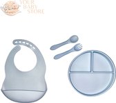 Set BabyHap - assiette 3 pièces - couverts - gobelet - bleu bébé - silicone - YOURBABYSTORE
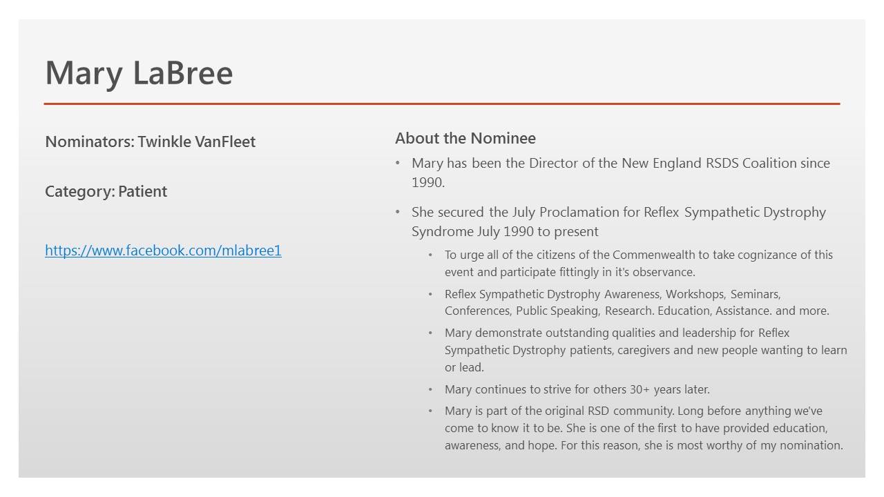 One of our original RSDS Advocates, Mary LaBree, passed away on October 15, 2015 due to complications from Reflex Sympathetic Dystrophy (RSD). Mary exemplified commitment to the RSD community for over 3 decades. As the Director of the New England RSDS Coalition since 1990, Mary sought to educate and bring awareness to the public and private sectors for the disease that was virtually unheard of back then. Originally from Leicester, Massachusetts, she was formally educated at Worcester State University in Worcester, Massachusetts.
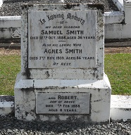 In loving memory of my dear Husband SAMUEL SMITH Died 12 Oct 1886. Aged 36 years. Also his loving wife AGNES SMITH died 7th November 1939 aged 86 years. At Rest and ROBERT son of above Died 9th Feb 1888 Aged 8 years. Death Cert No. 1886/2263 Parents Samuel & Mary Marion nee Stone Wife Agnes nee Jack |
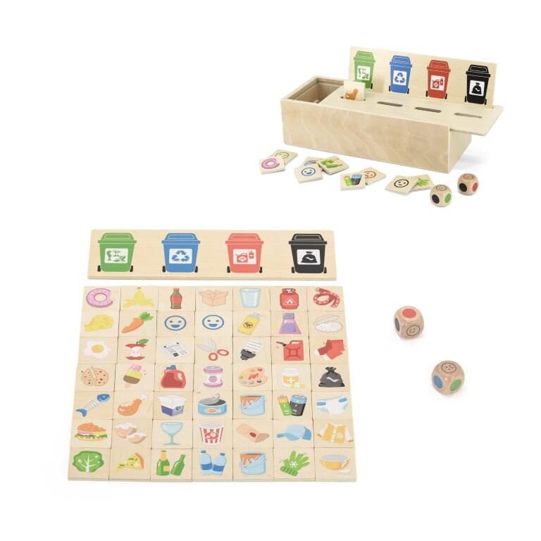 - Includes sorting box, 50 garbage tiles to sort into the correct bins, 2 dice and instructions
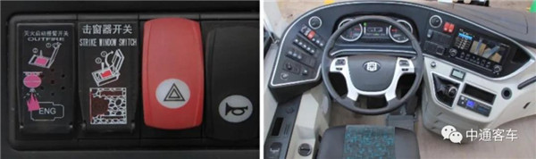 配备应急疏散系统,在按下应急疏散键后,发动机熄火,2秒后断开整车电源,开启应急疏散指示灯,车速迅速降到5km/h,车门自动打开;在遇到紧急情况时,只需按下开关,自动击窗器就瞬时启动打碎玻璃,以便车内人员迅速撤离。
※ ※ ※
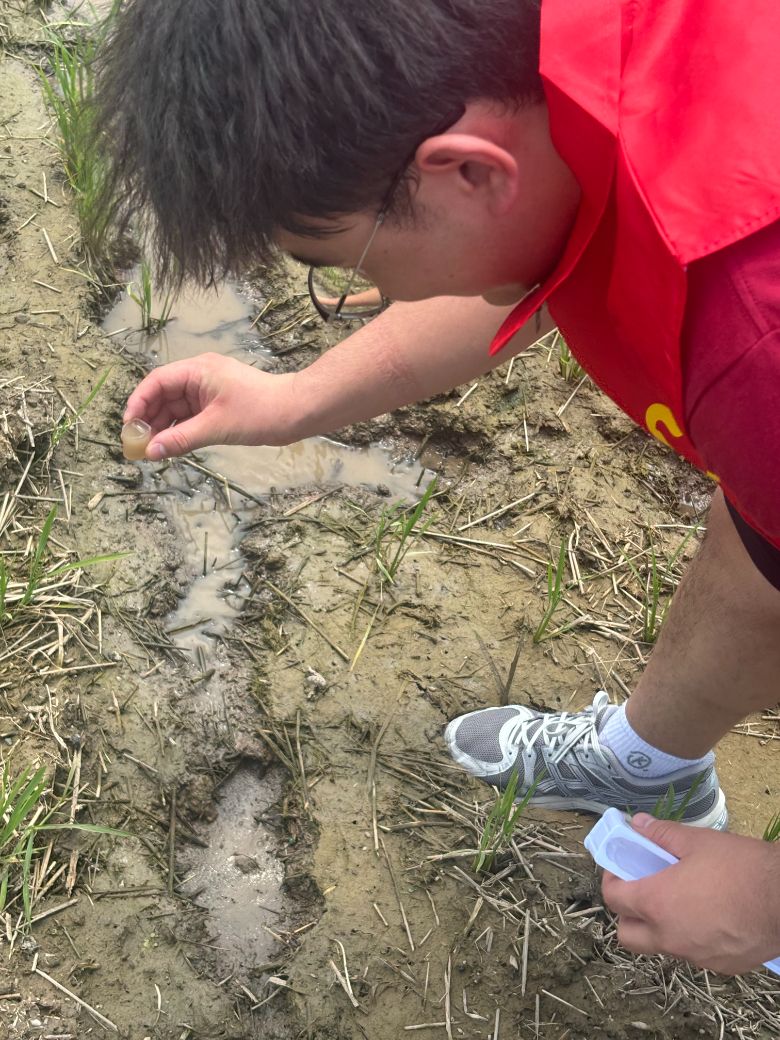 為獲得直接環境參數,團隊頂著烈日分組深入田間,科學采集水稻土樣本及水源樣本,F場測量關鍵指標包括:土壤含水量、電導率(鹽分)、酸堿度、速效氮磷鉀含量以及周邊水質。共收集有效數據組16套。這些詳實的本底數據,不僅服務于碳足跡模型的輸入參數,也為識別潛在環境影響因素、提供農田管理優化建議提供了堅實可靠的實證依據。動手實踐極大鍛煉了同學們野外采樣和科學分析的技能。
※ ※ ※
Required action:
Within the listing above, copy exactly the lines that start at the one with "Set BabyHap - assiette" and continue through the one with "One of our original". Omit pictures.

Task answer:
 Set BabyHap - assiette 3 pièces - couverts - gobelet - bleu bébé - silicone - YOURBABYSTORE
 One of our original RSDS Advocates, Mary LaBree, passed away on October 15, 2015 due to complications from Reflex Sympathetic Dystrophy (RSD). Mary exemplified commitment to the RSD community for over 3 decades. As the Director of the New England RSDS Coalition since 1990, Mary sought to educate and bring awareness to the public and private sectors for the disease that was virtually unheard of back then. Originally from Leicester, Massachusetts, she was formally educated at Worcester State University in Worcester, Massachusetts.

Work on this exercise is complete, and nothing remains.